Collected data
===============

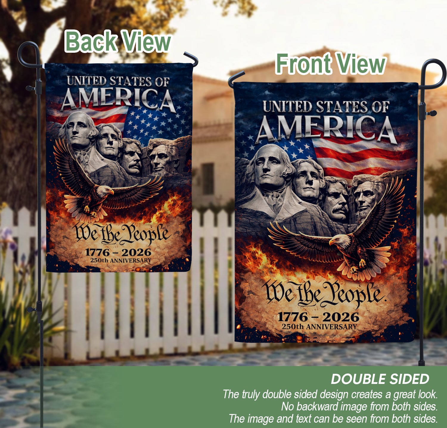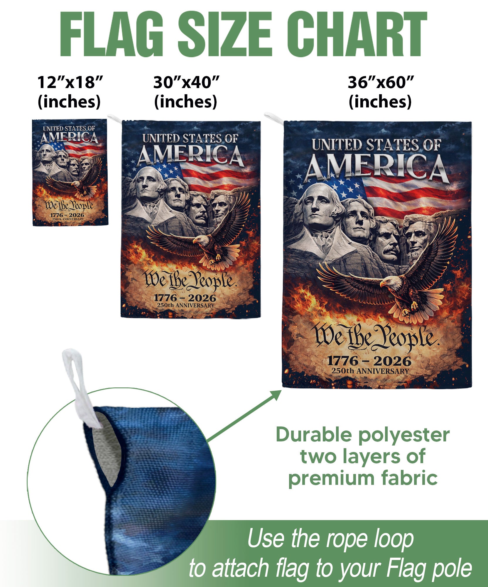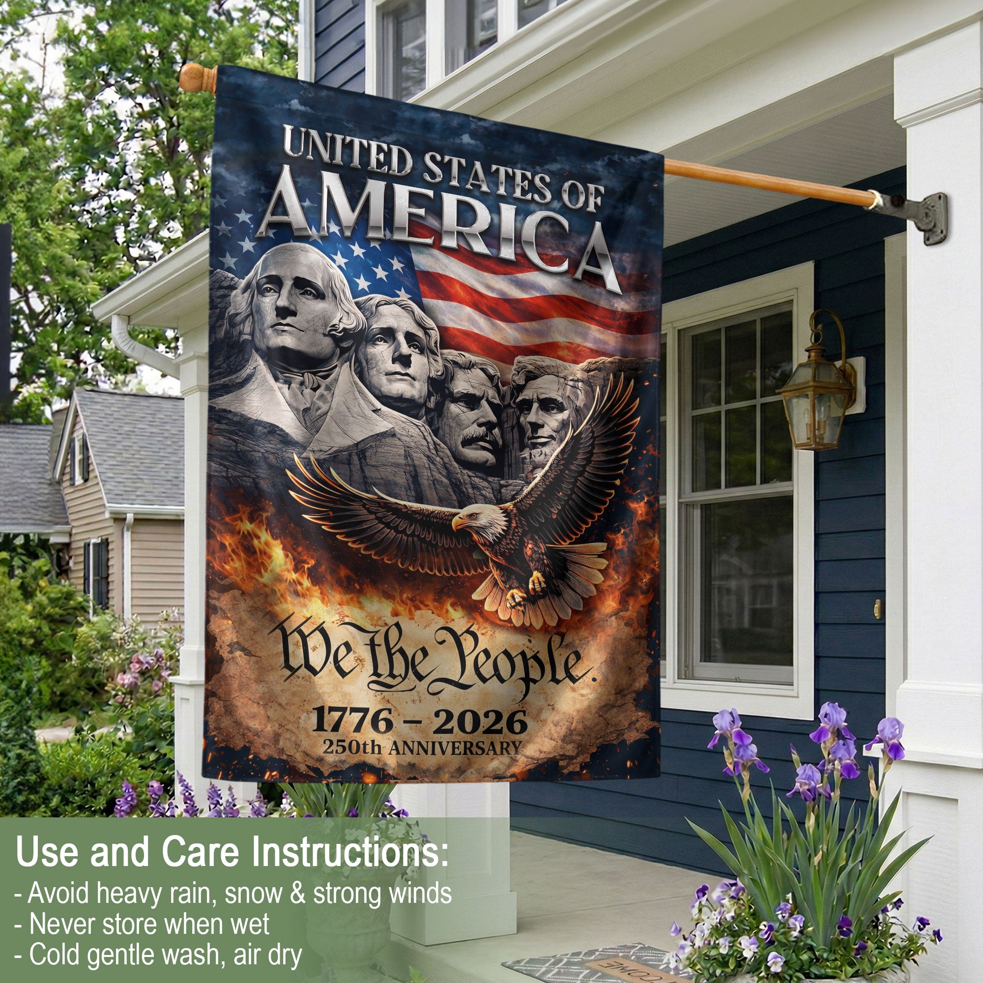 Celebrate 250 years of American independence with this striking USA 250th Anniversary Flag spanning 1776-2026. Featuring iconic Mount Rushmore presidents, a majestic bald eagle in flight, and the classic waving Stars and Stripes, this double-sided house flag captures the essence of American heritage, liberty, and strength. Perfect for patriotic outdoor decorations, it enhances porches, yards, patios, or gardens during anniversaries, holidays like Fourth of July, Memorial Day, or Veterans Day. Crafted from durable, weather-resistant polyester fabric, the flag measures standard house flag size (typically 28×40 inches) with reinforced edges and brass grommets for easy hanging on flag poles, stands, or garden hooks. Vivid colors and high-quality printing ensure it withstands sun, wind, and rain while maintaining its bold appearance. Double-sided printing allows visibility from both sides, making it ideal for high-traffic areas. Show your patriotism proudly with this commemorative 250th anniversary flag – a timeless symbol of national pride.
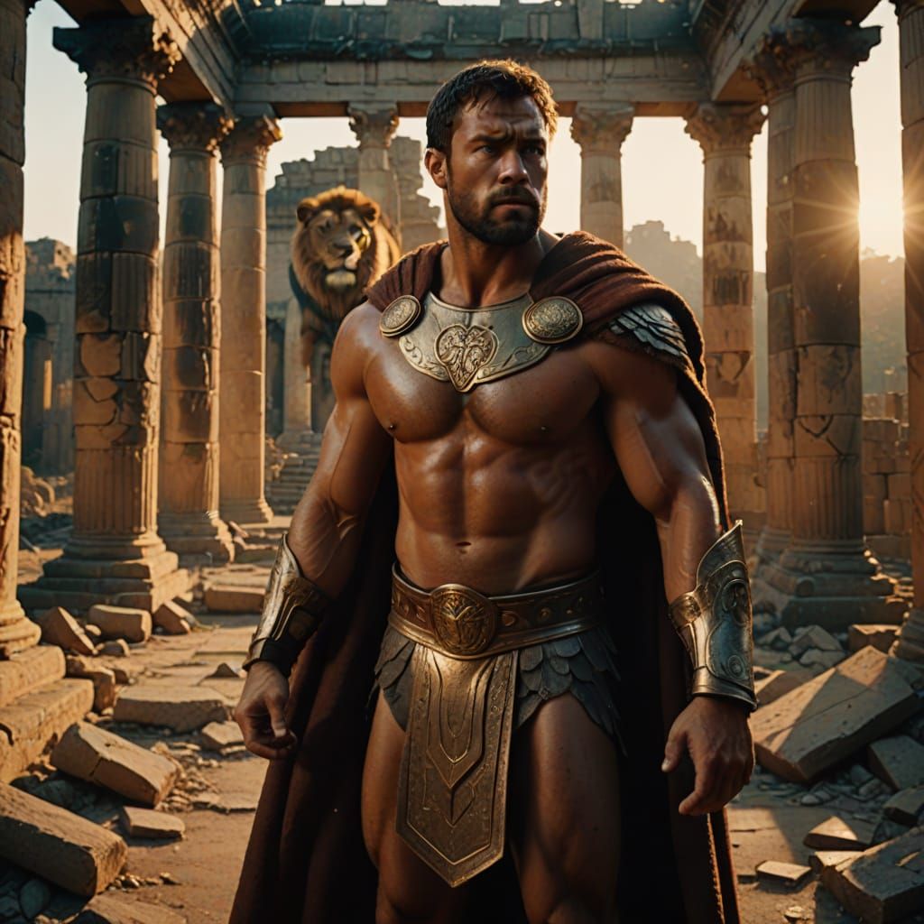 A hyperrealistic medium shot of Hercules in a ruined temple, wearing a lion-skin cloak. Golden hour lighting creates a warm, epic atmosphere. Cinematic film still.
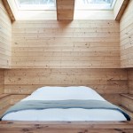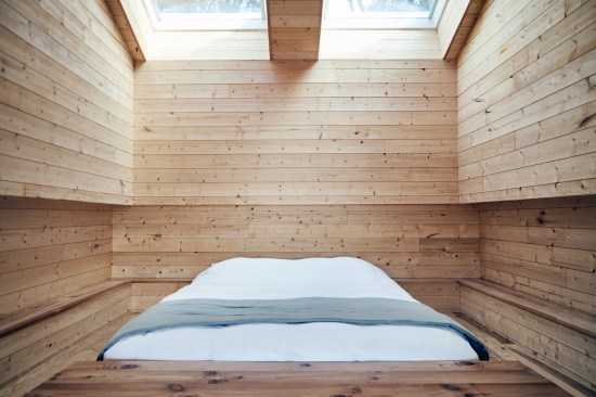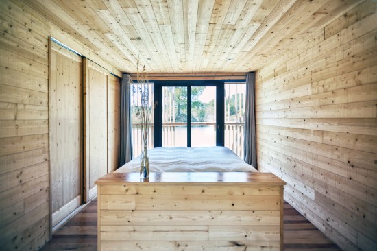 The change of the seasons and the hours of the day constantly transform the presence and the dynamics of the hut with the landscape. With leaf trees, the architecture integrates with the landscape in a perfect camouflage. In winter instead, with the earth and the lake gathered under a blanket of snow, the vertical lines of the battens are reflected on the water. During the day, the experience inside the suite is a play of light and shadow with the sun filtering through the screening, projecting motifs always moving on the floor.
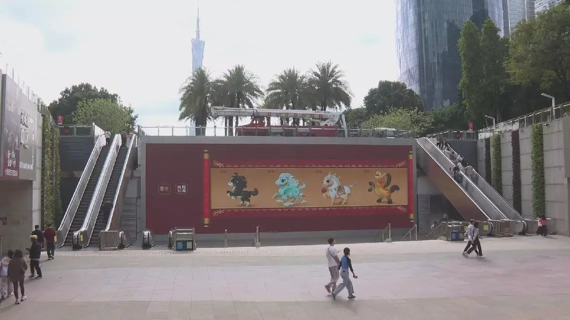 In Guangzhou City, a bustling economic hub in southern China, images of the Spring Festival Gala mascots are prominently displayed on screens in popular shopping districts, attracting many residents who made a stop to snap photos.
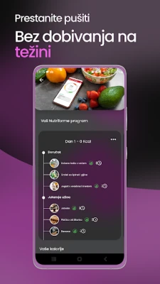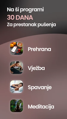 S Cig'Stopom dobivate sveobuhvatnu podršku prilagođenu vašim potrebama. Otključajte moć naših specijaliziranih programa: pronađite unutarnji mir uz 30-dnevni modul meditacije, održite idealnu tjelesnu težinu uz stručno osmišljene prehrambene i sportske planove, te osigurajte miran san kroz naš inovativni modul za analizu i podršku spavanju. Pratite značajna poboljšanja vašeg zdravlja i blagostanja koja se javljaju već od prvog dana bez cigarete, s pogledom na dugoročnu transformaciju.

===============

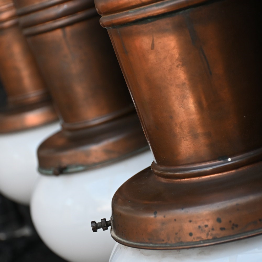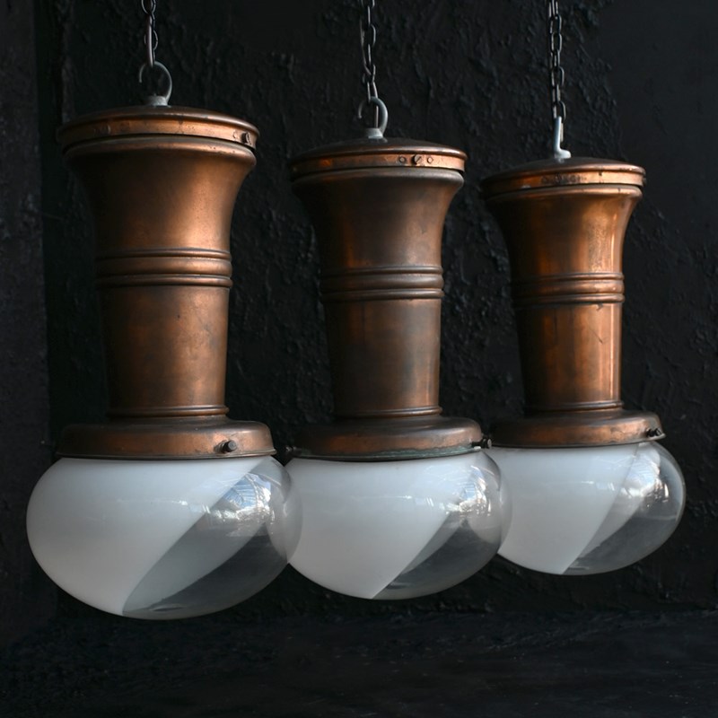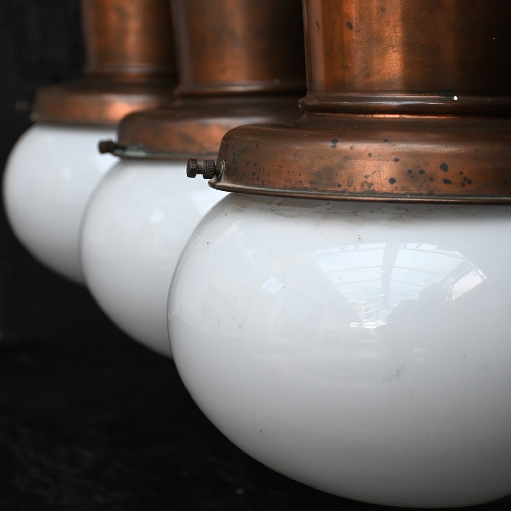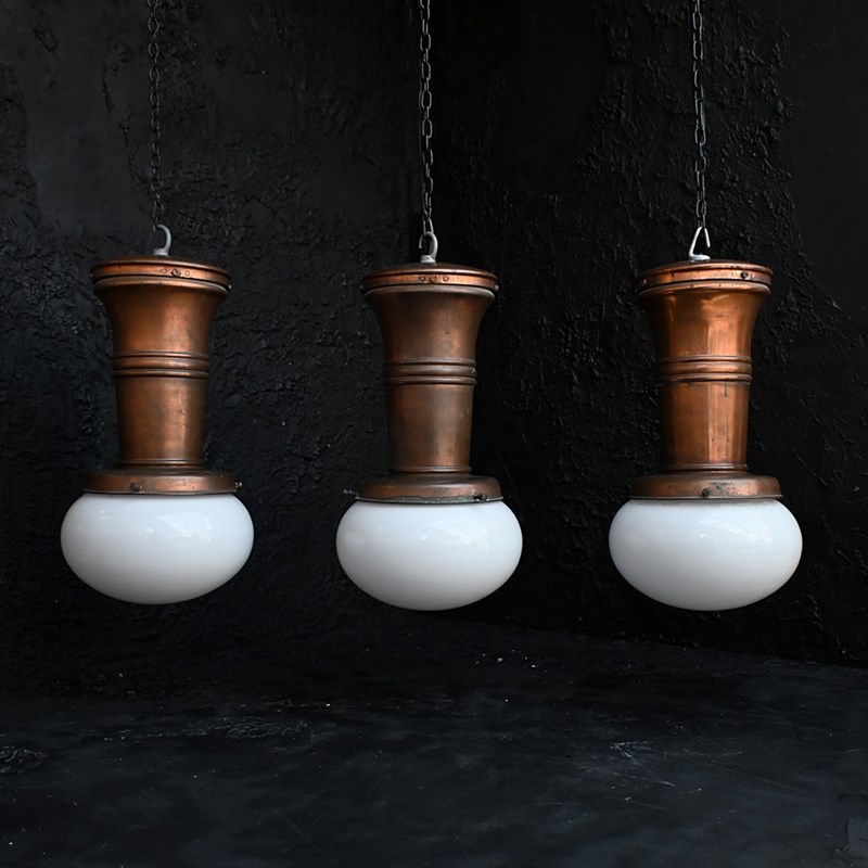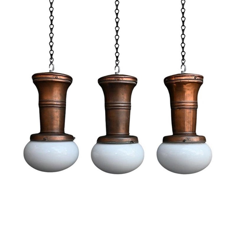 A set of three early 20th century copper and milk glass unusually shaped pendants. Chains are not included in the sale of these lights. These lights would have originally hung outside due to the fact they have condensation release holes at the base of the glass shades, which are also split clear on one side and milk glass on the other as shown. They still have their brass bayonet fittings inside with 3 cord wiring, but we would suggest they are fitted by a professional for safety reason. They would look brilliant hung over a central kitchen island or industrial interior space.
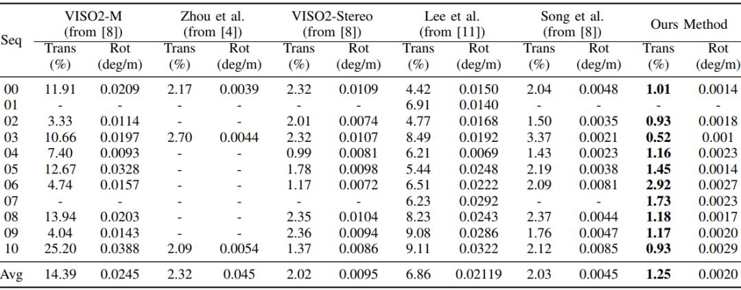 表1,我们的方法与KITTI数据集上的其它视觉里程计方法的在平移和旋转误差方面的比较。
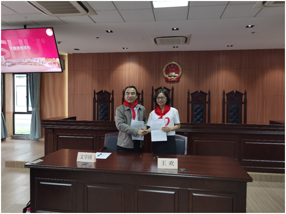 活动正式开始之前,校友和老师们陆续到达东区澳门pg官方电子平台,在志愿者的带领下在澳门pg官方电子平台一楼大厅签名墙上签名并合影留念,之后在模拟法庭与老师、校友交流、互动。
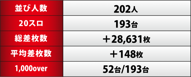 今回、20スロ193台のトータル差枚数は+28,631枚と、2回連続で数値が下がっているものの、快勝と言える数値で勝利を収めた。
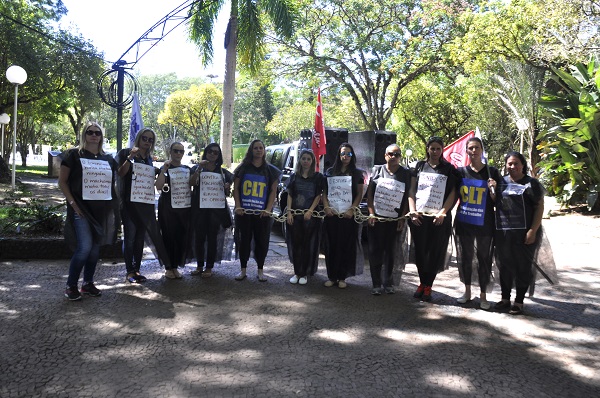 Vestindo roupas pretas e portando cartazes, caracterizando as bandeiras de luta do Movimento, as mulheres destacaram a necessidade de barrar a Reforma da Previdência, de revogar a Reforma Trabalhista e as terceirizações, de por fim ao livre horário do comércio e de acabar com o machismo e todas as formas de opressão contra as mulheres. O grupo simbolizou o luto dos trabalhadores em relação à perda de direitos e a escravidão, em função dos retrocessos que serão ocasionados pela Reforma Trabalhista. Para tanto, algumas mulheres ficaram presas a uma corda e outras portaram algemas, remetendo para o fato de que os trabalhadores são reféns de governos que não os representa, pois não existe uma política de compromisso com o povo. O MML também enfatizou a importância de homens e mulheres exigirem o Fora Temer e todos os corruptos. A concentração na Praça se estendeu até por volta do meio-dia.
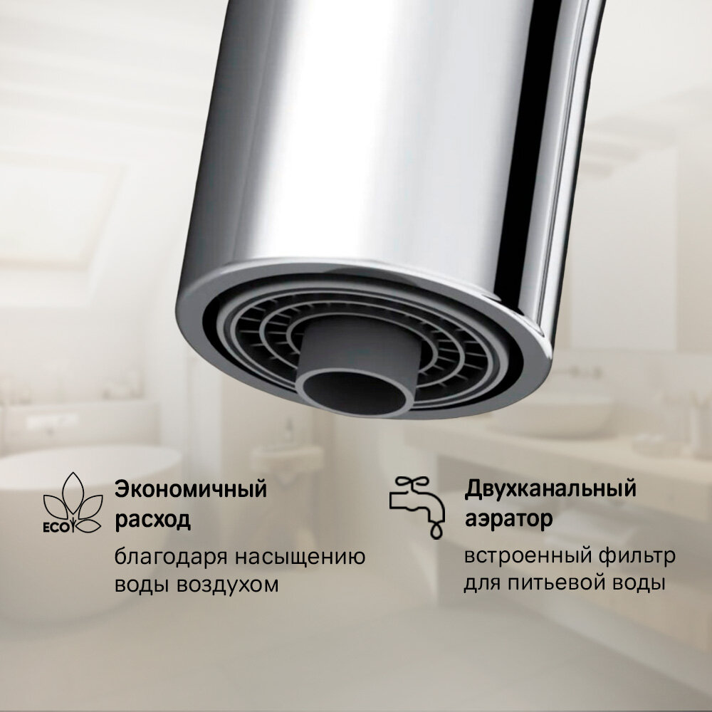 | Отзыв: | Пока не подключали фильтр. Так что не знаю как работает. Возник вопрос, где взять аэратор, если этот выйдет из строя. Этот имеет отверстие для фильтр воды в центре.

===============

EXERCISE: The lines to copy exactly start with the line above that has "A hyperrealistic medium" and go on through the line that has "The change of"; please include both, add nothing else, and omit the pictures.

WRITTEN RESPONSE:
 A hyperrealistic medium shot of Hercules in a ruined temple, wearing a lion-skin cloak. Golden hour lighting creates a warm, epic atmosphere. Cinematic film still.
 The change of the seasons and the hours of the day constantly transform the presence and the dynamics of the hut with the landscape. With leaf trees, the architecture integrates with the landscape in a perfect camouflage. In winter instead, with the earth and the lake gathered under a blanket of snow, the vertical lines of the battens are reflected on the water. During the day, the experience inside the suite is a play of light and shadow with the sun filtering through the screening, projecting motifs always moving on the floor.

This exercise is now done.